Because there aren’t enough doctors to staff the hospital at all times, patients who come in in the wee hours – or who take a turn for the worse during that time – are more likely to die.

“There is no one who is going to look after them until you come back,” the anonymous physician said.

Harare General is still able to treat the patients most urgently in need: children suffering from appendicitis, malaria, or Kwashiorkor (a severe protein deficiency), women who need emergency C-sections.

Others have to seek help wherever they can.

A System in Crisis

It wasn’t always like this. “Tragically, Zimbabwe had probably the best health care system in southern Africa…along with the best education system,” Dr. Powell said.

The economic crisis has contributed to the shortage of practicing physicians, he explained: “Doctors are so well educated, they have no trouble finding international jobs.”

Not all doctors are on board, although many sympathize with those on strike. “I think they do support the concerns of the junior doctors, but I think they feel more of a commitment to the patients,” Dr. Powell said.

“I don’t feel good about it. It’s not nice seeing patients struggling, as a doctor,” said the anonymous doctor, speaking about the strikes. “At the same time, I can only do so much.”

And that, unfortunately, means turning away patients.

Quiet Hallways

At Harare General, some wait days hoping to be treated. “Patients basically sort of hang around if you’re seriously ill or if you’re from out of the city,” Dr. Powell explained. “They have no money, they have no food, so they have to go begging for food while they’re waiting to be seen.”

And the anonymous doctor has seen their hospital’s halls and wards go quiet. “At the beginning, there were lots of patients,” they said. Now “the number of patients being admitted has gone down.”

Zimbabwe’s economic crisis threatens health in other ways. As even the most basic food – forget about a nutritionally balanced diet – has become unavailable, malnutrition will affect more and more people, particularly vulnerable children.

“Dietitians and pediatricians…explained to me that the death of children from malnutrition had been on the rise in the last few months. I have myself witnessed the ravaging effects of malnutrition on infants deprived of breast milk and micronutrient supplementation because of their own mothers’ lack of access to adequate food,” wrote Hilal Elver, a United Nations special rapporteur on the right to food, in a November 28 report.

For the doctors who remain, aid groups are filling some of the gaps. “I received disturbing information that public hospitals have been reaching out to humanitarian organizations after their own food stocks were exhausted and medical equipment no longer operational,” Elver wrote.
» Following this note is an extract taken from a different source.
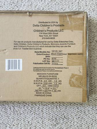This Delta Children Toddler Guardrail / Bedrail is brand new, never used or opened (package only opened for photos). Beautiful rich dark brown color (Black Espresso). Strong and sturdy wood...

Direct Relief supports Harare General Hospital along with two other partners in Zimbabwe, and provides a range of medication and supplies, including antifungal medications, prenatal vitamins, and syringes, to the country.

Amid the crisis, “Direct Relief has been a huge help in sending drugs and supplies,” Dr. Powell said.

But some hospital wards remain all but empty.

“They know there are no doctors, so they don’t come,” said the anonymous physician.